– Сколько раз я должен повторять тебе, что Пауль Дурной исповедался мне здесь вот, на нашем балконе, намного раньше, чем вся эта история стала сенсацией в газетах. Он не только избегал всю жизнь женщин, но сама мысль о близости с ними вызывала у него рвоту. И это несмотря на то, что высоко ценил и уважал женщин, был весьма чувствителен к их эмоциям, а Ориту просто боготворил. Почему ты не можешь смириться с тем, что Орита делала для него всё без всякой задней мысли – превратить его в своего жиголо? Как к мужчине она относится к нему не менее брезгливо, чем он к женщине…

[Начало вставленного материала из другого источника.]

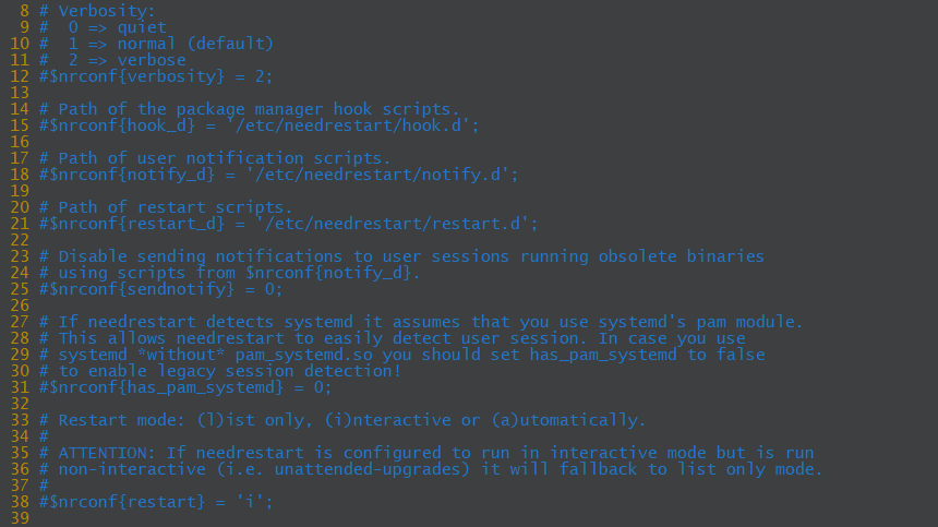 needrestart는 /etc/needrestart/needrestart.conf 파일에서 설정을 관리합니다. 이 파일을 수정해 재시작 여부를 묻는 메시지를 비활성화할 수 있습니다.
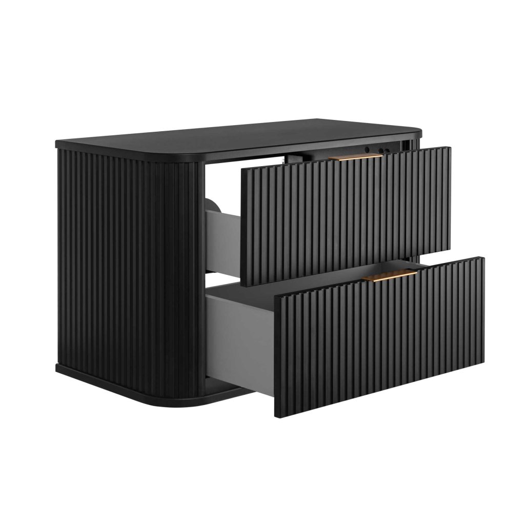 A 80 cm-es mosdószekrény ideális megoldás mindazok számára, akik több tárolóhelyet szeretnének a fürdőszobájukban a dizájn feláldozása nélkül. Az ELEGANCE BLACK mosdószekrény kellemes, elegáns megjelenést kölcsönöz, amely otthonossá és egyben modernné teszi a fürdőszobát. A domináns elem a függőlegesen barázdált előlap , amely prémium karaktert kölcsönöz a szekrénynek, valamint a lekerekített élek , amelyek lágyabbá és elegánsabbá teszik, mint a klasszikus szögletes szekrényeket. A tárolóhely praktikus felosztása lehetővé teszi, hogy mindent rendezetten tároljunk - a mindennapi kozmetikumokat, a drogériás holmikat és a nagyobb csomagokat vagy textíliákat. A fekete fogantyúk stílusos kontrasztot alkotnak, és remekül illenek a modern fürdőszobai kiegészítőkhöz, egy csaptelephez vagy egy fekete dizájnú tükörkerethez.

Выражение испуга возникло на лице госпожи Лурия. С беспокойным взглядом, с вытянутыми вперед руками, с неожиданной ловкостью при ее вечно согнутой спине и старческой медлительности, она рванулась к нему, чтобы присмотреться к порезанному подбородку, покрытому мыльной пеной.
– Что ты наделал, Габичка! Порезал подбородок. Сквозь пену течет кровь. Я ведь всегда тебя предупреждала не давать воли чувствам во время бритья. Бритва – самая опасная штука в мире. Бриться надо осторожно, не спеша. Беги быстро в ванную, промой рану спиртом, намажь йодом. Это я во всем виновата. Не должна была я во время бритья с тобой говорить, раскрывать всю правду, главным образом, горькую правду, которая сердит тебя больше всего. Должна была подождать, пока ты побреешься. И чего ты столько бреешься. Каждый день. Достаточно двух раз в неделю. Частое бритье раздражает кожу. Все эти мыла и одеколоны после бритья снимают с кожи естественный жир, сушат ее, приводят к аллергиям, а то и кожным болезням. Ты же знаешь. Всегда есть связь между кожными и половыми болезнями. Каждый кожник также специалист по всяким там венерическим заболеваниям. И наоборот…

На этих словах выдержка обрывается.